Suzanne Ciani, a pioneer in shaping and creating new sounds, describes a similar scene that occurred when she was using her Buchla 200 to create the pop and pour sound used in Coke commercials.

So you come up with a sound and if you touched one knob, suddenly everything was different. And these producers who didn’t know how to talk, nobody had the vocabulary for describing sound, he’d say, “No, no, go back, go back to where you were.” So I’d move the knob back and he’d say, “No, no! It’s not the same,” because there were so many interactions—there were maybe fifty knobs contributing to one sound. The guy used to hit my hands—whenever he liked it I’d move it, he’d say, “Stop! Don’t touch that, don’t you touch another knob! Okay, record [pp. 166-167].”

It is this unpredictable quality that many of the early synthesists most associate with that period, and some of them look back on it longingly. As Wendy Carlos put it “That was when you really felt like you were working with an invention [p.136].” So at this stage the synthesizer was difficult to control. These were machines on which a new breed of musicians conducted searches—searches for new sounds. There was a sense of transience about those sounds. They could be there one moment and gone the next. There was an attitude that these things were organisms, not fully controllable. Each synthesist put them together in personal ways.

But with the Minimoog in particular, the synthesizer developed into a portable, keyboard-based, performance-oriented instrument. Patch chords were eliminated in favor of knobs, the number of potential sounds was reduced in favor of simplifying the interfaces, and the pitch wheel was added to provide a sense of touch.

Ironically, the forces that caused synthesizer design to move in this direction were largely the result of the success of Carlos’ own mega-hit Switched-On Bach. According to Ciani, the public’s attitude about the potential of the instrument was misdirected by that work. Her search for “a poetry of sound” was overwhelmed by wider cultural forces set in motion by Carlos’ success. The synthesizer became associated with classical music and classic sounds.

Much that can be learned from this work relates to the role that constraints and quirkiness play in design. For example, early synthesizers had monophonic keyboards. Instrumentalists like Keith Emerson therefore thought of the Moog as like a saxophone or trumpet, playing it as a solo instrument.
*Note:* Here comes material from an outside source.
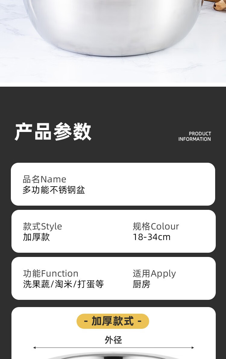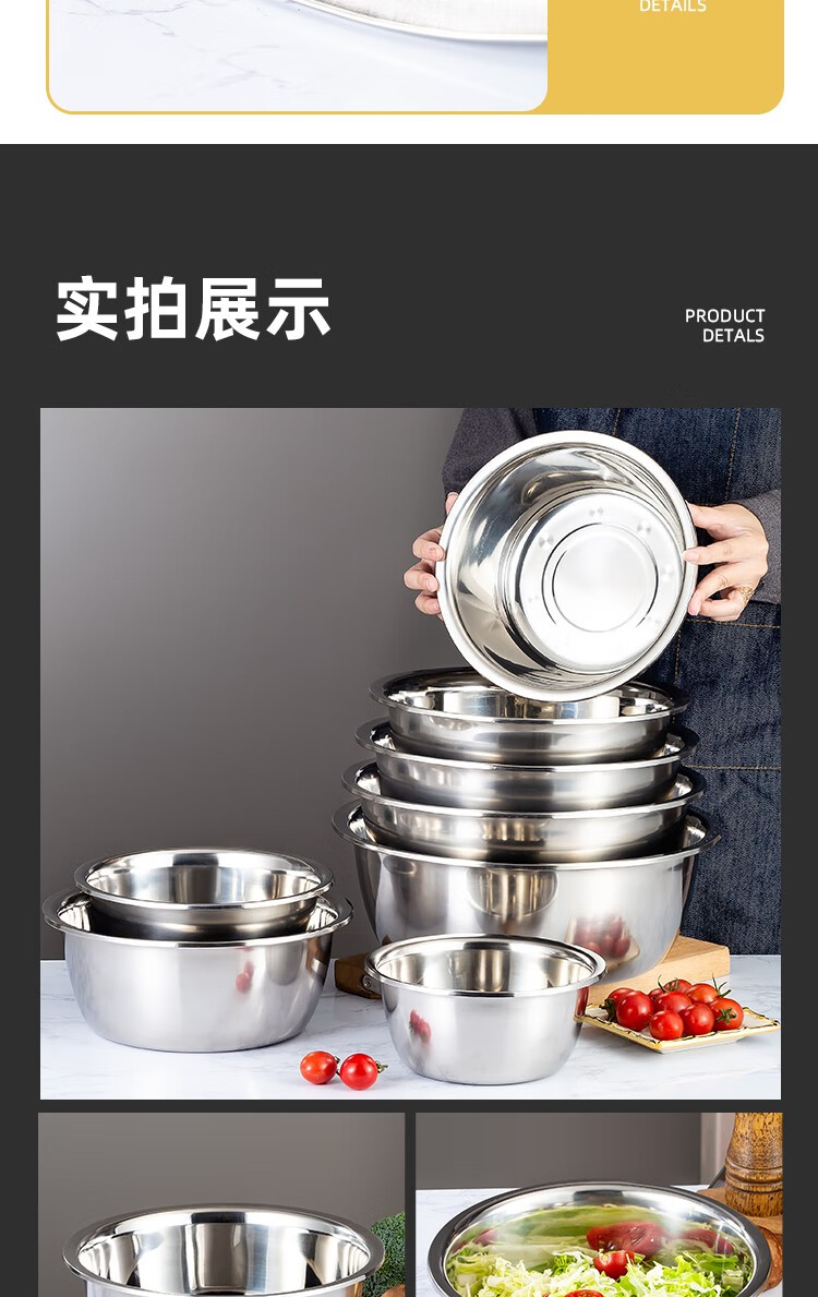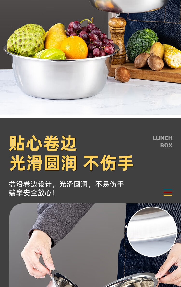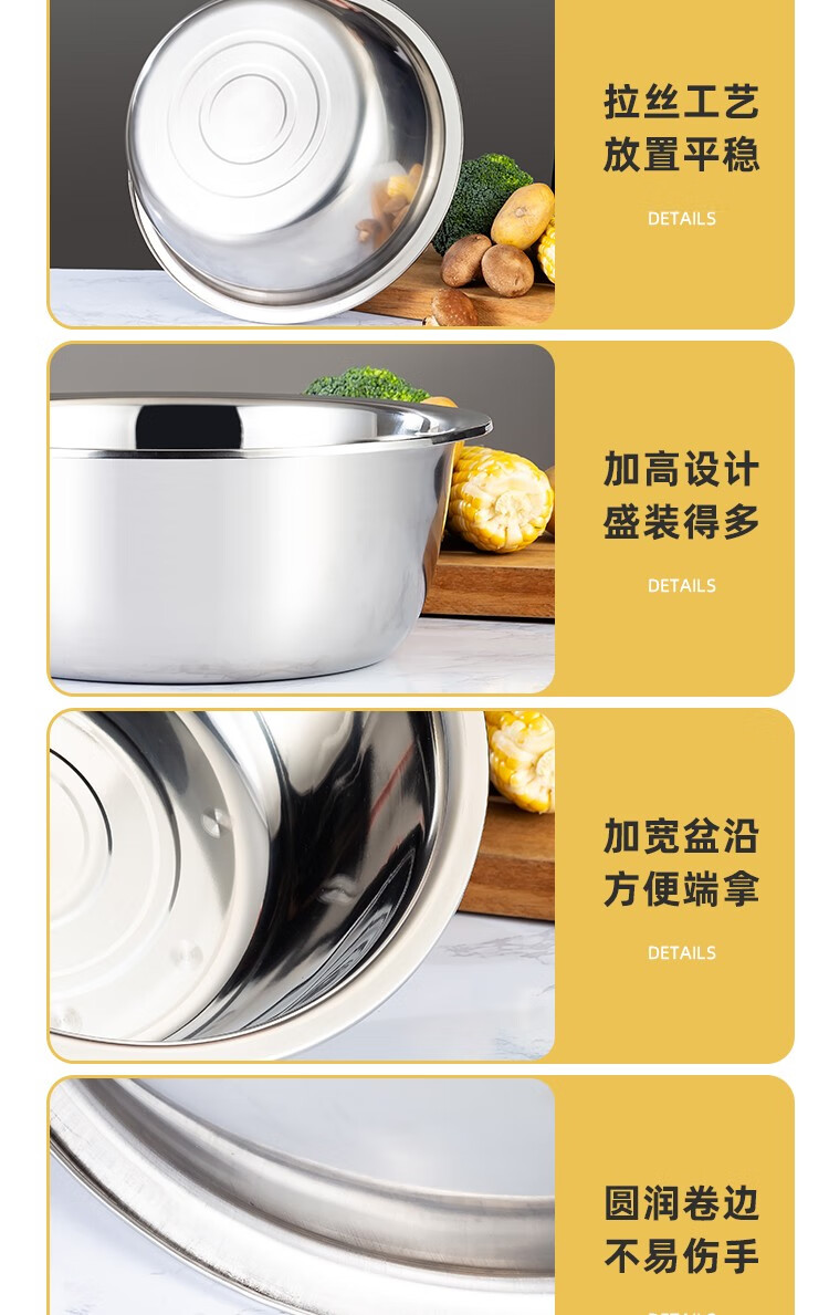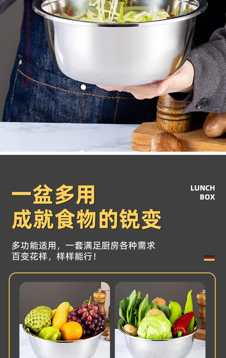 Rice helper stainless steel basin thickened vegetable basin and basin basin kneading basin kitchen soup basin rice basin seasoning marinated meat basin flavor bucket 40cm thick can be heated by induction cooker 1 pack

With the emergence later of polyphonic synthesizers, the keyboard reverted to the keyboard’s more typical role in the background [p. 206]. This is particularly interesting, given that polyphonic instruments can still be played monophonically.

When one of Moog’s engineers, Jon Weiss, went to visit Sun Ra, his synthesizer was not working as it was supposed to but he was using it to produce the most fabulous sounds. For Jon, this was the mark of an instrument as opposed to a machine. The authors generalize “It is departures from theoretical models of instruments—the unexpected resonances and the like—that make an instrument particularly valued [p. 223].”

For the attentive designer, there are lots of other lessons in this book. For example, through their interviews, Pinch and Trocco found that one of the things that worked best about the control panel for the Minimoog was the way in which knobs were staggered. “It turned out that having things not all in military formation made it a lot easier for someone to find a control.” Further, tactile controls like rocker switches permitted players to find their way around using feel [p.225]. And it is important in a musical instrument for the musician to be able to dynamically alter the sound in very small ways. “For many musicians, it is the pitch wheel on the Minimoog that enables them to make the instrument come alive. By bending a pitch or adding vibrato, a note can be given that special personal touch that violinists and guitarists find so important [p. 228].” These and similar lessons will, I think, have wide application in the design of instruments, even instruments that are used for purposes other than making music.

This is an easy book to recommend to anyone with an interest in instrument design. It reads like a novel, and its many insights will remain with me long after the details of its stories have faded from memory.